Resilience in advanced cancer caregiving promoted by an intimate partner’s support network: insights through the lens of complexity science. A framework analysis

Nineteen participants, being part of a CAS of an intimate partner of a patient with advanced cancer, provided a rich account on how they perceived being part of one of the eight studied support networks. The resultant matrix from the analysis of their stories allowed for all CAS principles to be identified in most of the studied support networks surrounding the intimate partners. However, the principles were adopted in variant ways, resulting in a range of behavioral patterns, as described below. Obviously, in support networks represented by only one participant, some CAS principles were not discussed. For instance, the fuzziness of the CAS boundaries remained unclear, and the participants did not report on any tension or paradox within the support network. The matrix resulting from the analysis is given as Table 2. In the illustrating quotes participants are represented as SN (support network) 1–8 and P (participant) 1–4.

Table 2 Matrix illustrating how the CAS principles are represented in the support networks’ behavior Fuzzy boundaries

Each member of a CAS is incorporated in other CASs. Although one member responds almost exclusively to the person with whom they are in direct contact, the dynamic interactions can spread throughout adjacent CASs.

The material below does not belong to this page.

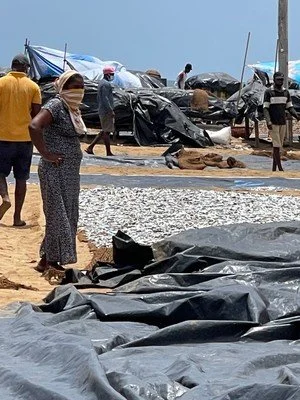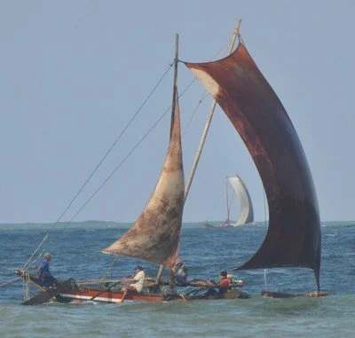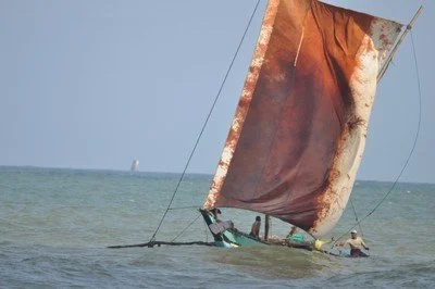 Then there is a reminder that not all is bad in the world as sailboats begin to appear on the water as the place comes to life. They are called oruwas, traditional outrigger fishing boats carved out of tree trunks and are outfitted with nylon fishing nets. On a short walk last evening, I saw many ladies at curbside selling their catch, five to eight inch fish in bunches. A scan of the horizon reveals fifty oruwas this morning.

Being aware of other groups in the intimate partner’s support network

Most participants were aware of existing networks or people involved in the support of the intimate partner. Although some could describe in detail what these networks did and how they supported the intimate partner, others had no insight into the actions of other networks.

He does have friends over there. One of his friends is a psychologist, so he can tell him anything. (SN5 – P3)

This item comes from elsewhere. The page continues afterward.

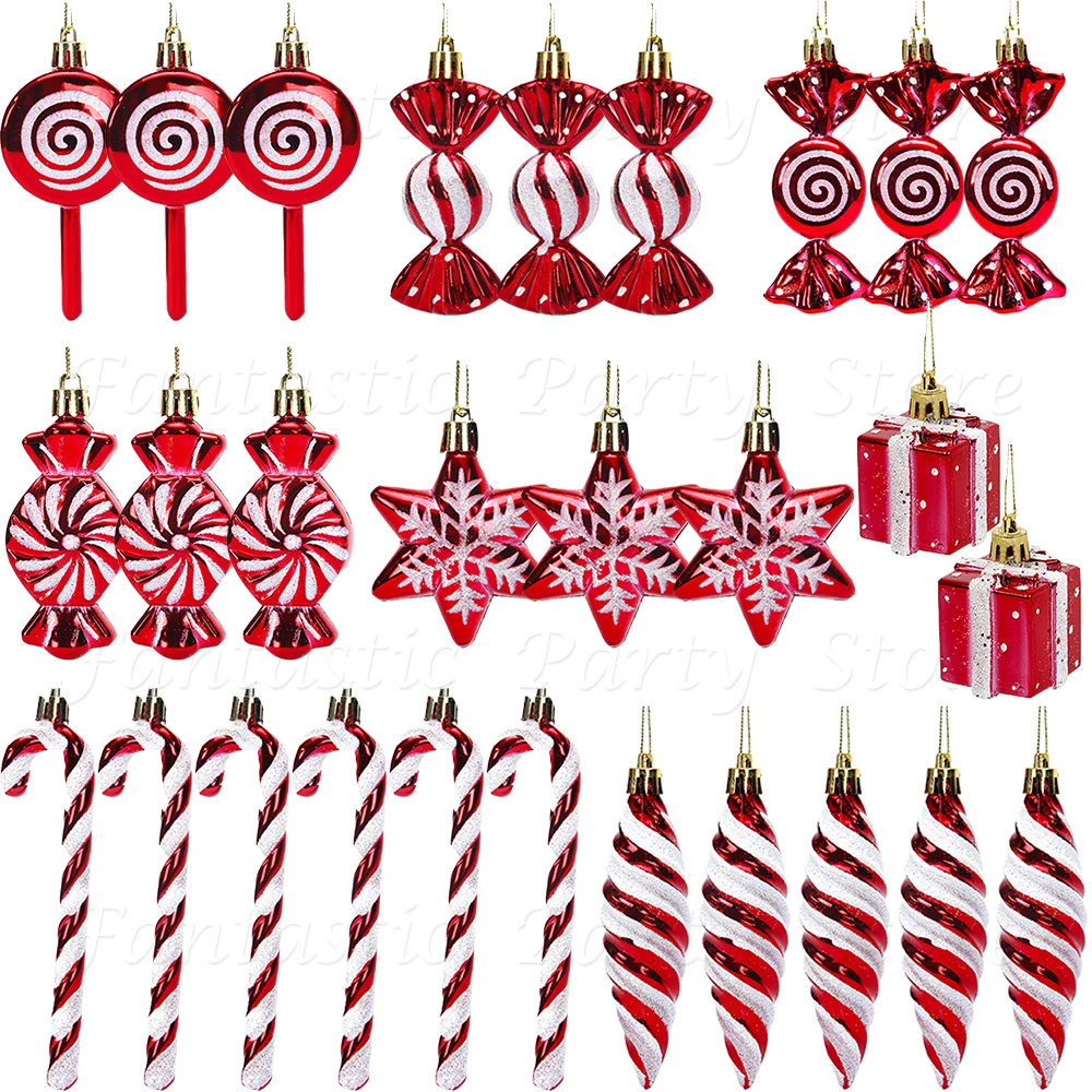 Christmas Hanging Candy Ball Lollipop Candy Cane Pendants Xmas Tree Hanging Ball Pine Cone Heart Ornament Set New Year Gift

Sharing emotions and concerns beyond the group’s boundaries

The more the participant’s and the intimate partner’s lives were intertwined – either through family ties or through shared experiences – the more they shared their emotions with each other. The participants admitted that they could not always cope with their emotions prompted by their commitment on their own. Hence, they shared their stories with other people who were less involved or who did not take part in the intimate partner’s support network.

My friends know about it [the patient’s story], and occasionally we talk about it. If I tell it to one friend and I say: this is terrible … Of course, it’s terrible. But if it doesn’t happen in your own household, fortunately it doesn’t affect you as much. (SN6 – P1)

Internalized basic rules

Although each member of a support network acts autonomously, internalized basic rules shape their behavior.

Maintaining communication without being intrusive

The participants expressed their commitment and willingness to listen to the intimate partner’s stories and they created opportunities to talk. For instance, they invited the intimate partner for a walk, to have tea in the garden, or to sit on the front porch. Here, they respected the intimate partners by leaving the initiative to talk with them without asking questions themselves. Furthermore, they strived toward an open and honest communication by not avoiding difficult topics.

But most of all, she felt the need to talk about it [how she experienced her husband’s diagnosis]. And, I thought, let’s get her out of her house. Let’s have a cup of coffee together and talk. Or we could go for a walk so that she feels comfortable to tell her story. I wanted her to be alone with me so that she could talk freely without her husband around. (SN1 – P2)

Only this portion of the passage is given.